What we  see  in other people, without the associative calculation of attribution theory, is purposefulness.  Franz From, a student of Rubin, has done a series of studies involving the perception of motivation in films.  He notes that it is not a big step from the "thickness" of the present moment I mentioned earlier, or from Kohler's idea of insight:

"If I see a man pour himself a glass of beer and drink a mouthful, then I can perceive that he is drinking a glass of beer.  Inherent in the perception of an element of the sequence is the perception of the whole sequence....  It does not matter if it is the first mouthful, a later one, or even the last -- unless of course the total situation indicates that he is, for example, drinking a mouthful only."

While learning might dictate the precise  detail  of the sequence, the fact of sequence is given in the perception.  We do not build-up "beer-drinking" from individual sips.

Likewise, what is commonly called empathy is not something that must be learned; it is in our immediately-given perception of others.  Sullivan knew this, and Merleau-Ponty says it very powerfully:

"There is no problem of the alter ego, because it is not I who sees, not he who sees; because an anonymous visibility inhabits both of us, a vision in general, in virtue of that primordial property which belongs to flesh, of being here and now, and of radiating everywhere and forever."  (1968, p. 240)

This only seems a bizarre thing to say if we view our  sociality  as something added from the outside.  We are actually never not social.  Stephen Strasser said "As soon as I'm aware, I am aware of the other who is older than I."  I am born into a stream of consciousnesses.
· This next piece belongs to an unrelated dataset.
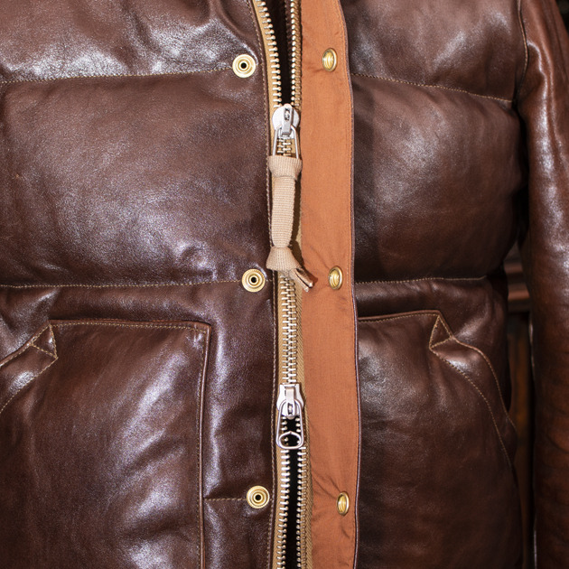 とは言え、革厚1.0mm程度の素材を選定して使用する為、ダウンベスト特有のボリューム感を損なう事はありません。

The traditional view of language learning, for example, has adults impressing upon the child, first single words, then the appropriate syntactical connections.  Chomsky's structuralism only puts the connection in the hands of genetics.  Yet I noticed with all three of my kids that they spoke in sentence first; only later did words emerge within those sentences.  To put it in information processing terms, we learn "top-down," from contextually meaningful dialog (however poorly expressed) to phonetic "correctness."

Likewise, recent studies at Oxford, where they videotaped mothers interacting with their infants, show clearly how speech develops within a dialog between mother and child, and within a meaningful stream of activity.

Martin Buber says that love involves an immediacy that modern psychology (and life) ignores:  It is "I-thou,"  not  "I hidden-away behind my physical presence and trying to make some impact on a physical you beyond which there  might  be a thou."  I find it curious that when I empathize strongly with someone, the curtains of objectivity seem to lift and I feel as if I were falling in love.  Perhaps it's just "countertransference."  Or maybe empathy does in fact have the perceptual immediacy of intimacy.

The objective-subjective dualistic split that dominates modern psychology leads us to deny this extension of consciousness beyond the senses.  We tend to see it as wrong somehow, threatening, scary:  "only crazy people...."

But then we see a hummingbird, or hold a sick child, or fall in love, and we're "crazy" for a little bit.  Shakespeare said "Lovers and madmen...apprehend more than cool reason ever comprehends."  Perhaps we should be crazy more often!